By Devlyn Lalonde
“Silicon Valley start-up”
Now tell me, after reading those words what was the first thing that came to your mind? Well, if you’ve been watching the news you probably thought of Facebook’s Mark Zuckerberg talking to the US Government House and Senate committees over allegations of misuse of user data. But once your mind travelled beyond that you probably reflected on Google’s playhouse/office space or Apple’s sleek cult of products. Generally, we have a vision of smart, innovative firms staffed by cool young people that are fantastically smart and build revolutionary products. They are generally ecologically conscious, treat people fairly, and give back to their communities.
When we ask Millennials to describe what an ethical company looked like, descriptions like the ones above were provided. So, it was no surprise that when we asked Millennials to rank a series of companies on how ethical they were that new economy tech firms held the top spots.
“The Four,” Google, Amazon, Facebook, and Apple were all at the top of our list. And despite the negative headlines some of them get, Millennials are simply enamored with these companies and their technological marvels. Covered by slogans like, “don’t be evil” –Google, “the everything store” –Amazon, “move fast, break things” –Facebook, or “think differently” –Apple; people, especially Millennials, are willing to forgive slip-ups and mis-steps and perceive these companies as sterling ethical actors. However, if we were to quantify ethicality, say by how much each company spends on their corporate social responsibility initiatives, we find that perception isn’t necessarily correlated with money spent. Looking at education initiatives for instance, the area that we have the best data for and an area that is prioritized by all of “The Four”, we find that none of them are in the top ten education spenders. Those positions are held by: Banco Santander ($197m), IBM ($144m), Telefonica ($130m), Exxon Mobil ($116), Target ($95m), GlaxoSmithKline ($87m), Microsoft ($87m), Toyota Motor ($84m), Rio Tinto Group ($82m), Wells Fargo ($82m), as calculated by UNESCO and the Varkey Foundation.
This halo effect isn’t new nor is it a simply Millennial trait. Looking back a little over a century ago, we can find the same halos surrounding the early American industrialists like the steel enterprises of Carnegie and the assembly lines of Ford, and textile mills of east coast. These now “old economy” firms were once new, and generated similar excitement to our present-day technological titans. Carnegie’s steel mills were known for their hellish working conditions, Ford was known for his skimpy wages, and the mills were a congress of child labour. Yet, they were shiny, new, and an ocean removed from most critical Europe (not that conditions were any better there).
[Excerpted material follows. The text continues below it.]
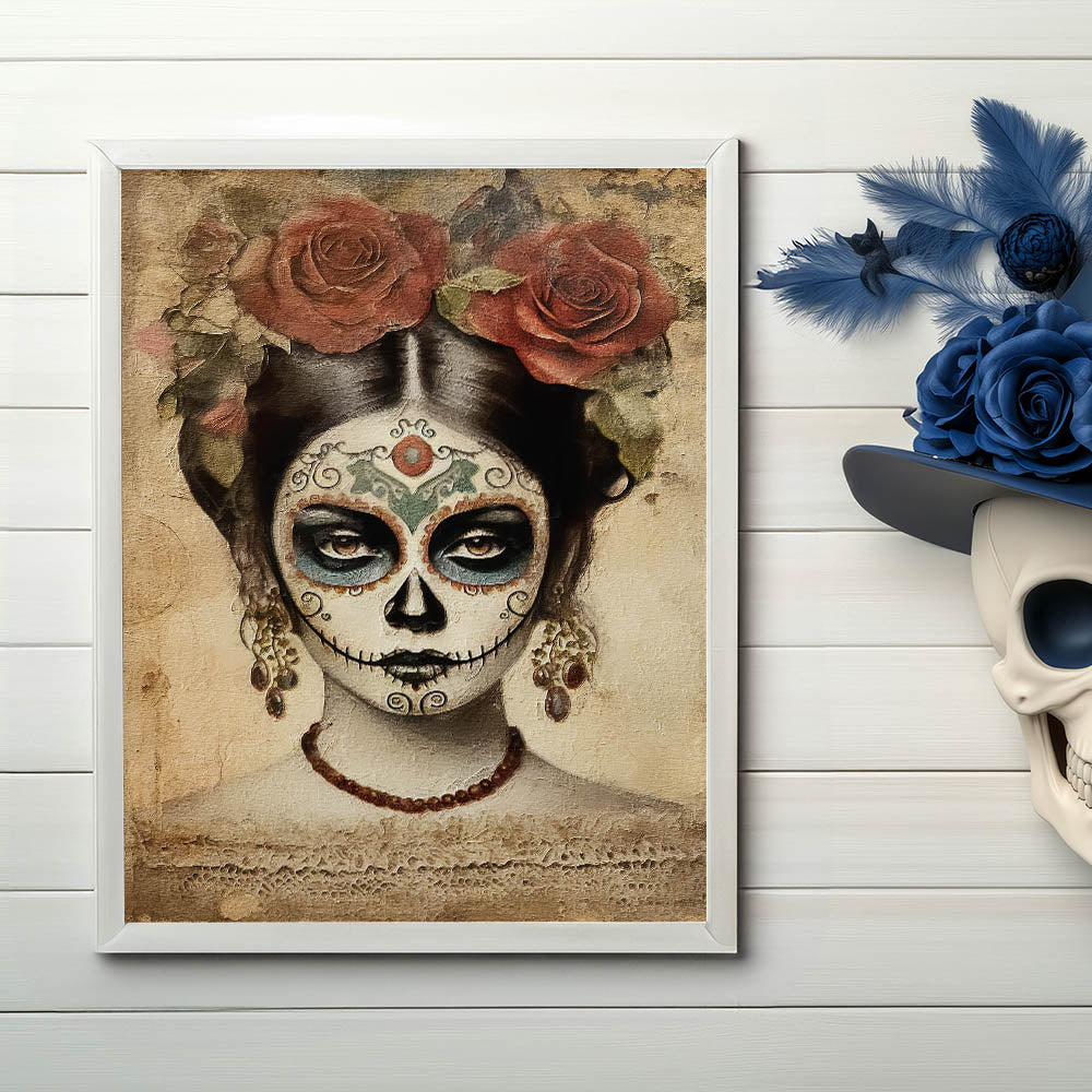 Celebrate the rich heritage of Día de los Muertos with this exquisite Día de los Muertos Canvas Art. This striking Sugar Skull Wall Art showcases a beautifully detailed Catrina, adorned with deep red roses, intricate face paint, and vintage-inspired jewelry. The warm beige tones, muted greens, and bold burgundy hues create a timeless Day of the Dead Art Print that embodies both elegance and remembrance.
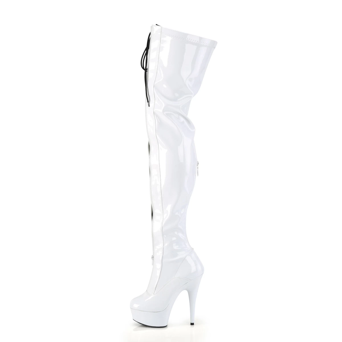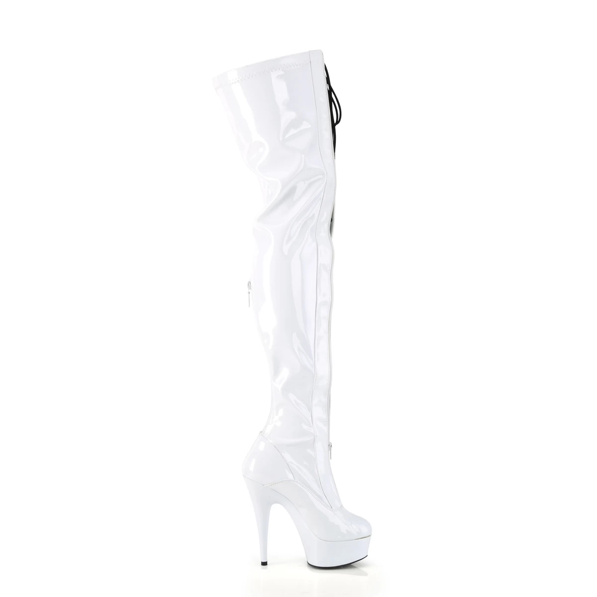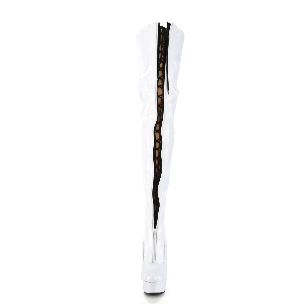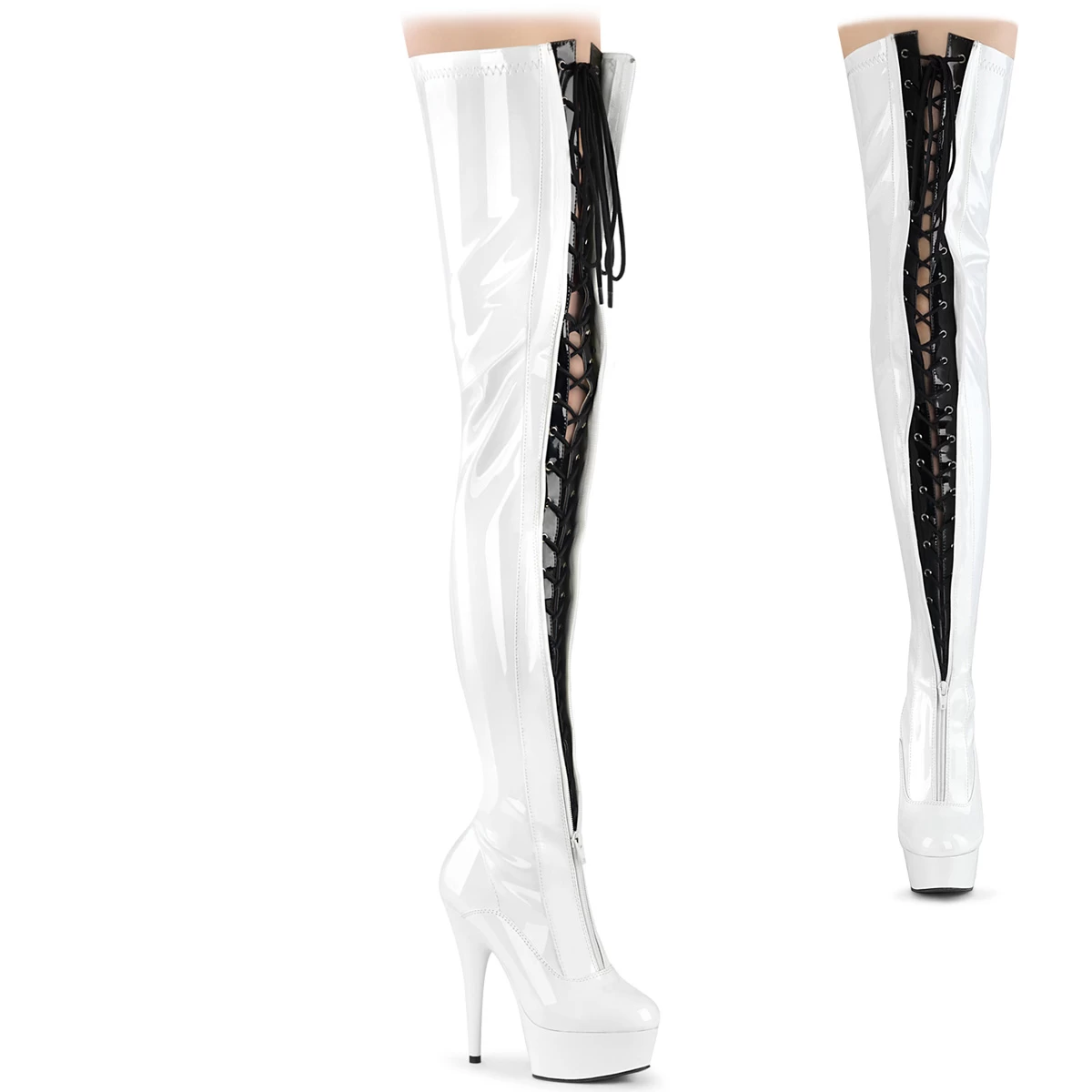 DELIGHT-3027 White-Black Stretch. Patent/White, Thigh High Boots

There is a quote from Douglas Adams, author of The Hitchhiker’s Guide to the Galaxy, in which he describes the 3 rules of human reaction to technology.
“Rule 1: Anything that is in the world when you’re born is normal and ordinary and is just a natural
part of the way the world works.
Rule 2: Anything that’s invented between when you’re fifteen and thirty-five is new and exciting and
revolutionary and you can probably get a career in it.
Rule 3: Anything invented after you’re thirty-five is against the natural order of things.”
This colloquialism, pretty well describes the generational difference in company perception. Even within the Millennial cohort we see that those born before 1990 have a slightly less paradisiacal view of these companies, scoring them on average 3 points less ethical than those born after 1990. And this inflection point coincides with those who can remember a life before the internet and those that can’t. To the younger half of Millennials, Facebook is all they have known, its actions that Boomers take so much offense to barely registers on the Millennials’ radar. To them, Facebook, Amazon, Apple, and Google are operating how they’ve always done. They are part of the natural order of things and their rhetoric and organizational culture acts as the baseline for how Millennials expect companies to act. These halos, fade with time but generally seem to follow generations as they get older. So will these silicon angels fall from grace? Save a major scandal, probably not. But will these halos fade? Most definitely. New becomes old and innovative becomes archaic these tech start-ups are enjoying the usual favour of all new companies without a history. Millennials who have grown up with them enjoy them because the make modern life possible, just as the steel mills and textile factors of the last century made modern life useful. The next generation will have its darlings, and well see how these Millennial companies fair in the eyes of the next generation.
The majority of this data came from the Canadian Millennials Report which is Canada’s largest reoccurring syndicated publication dedicated to understanding the views of Canadian Millennials. We survey 2,000 Millennials twice a year tracking their attitudes over time and their perceptions of current issues.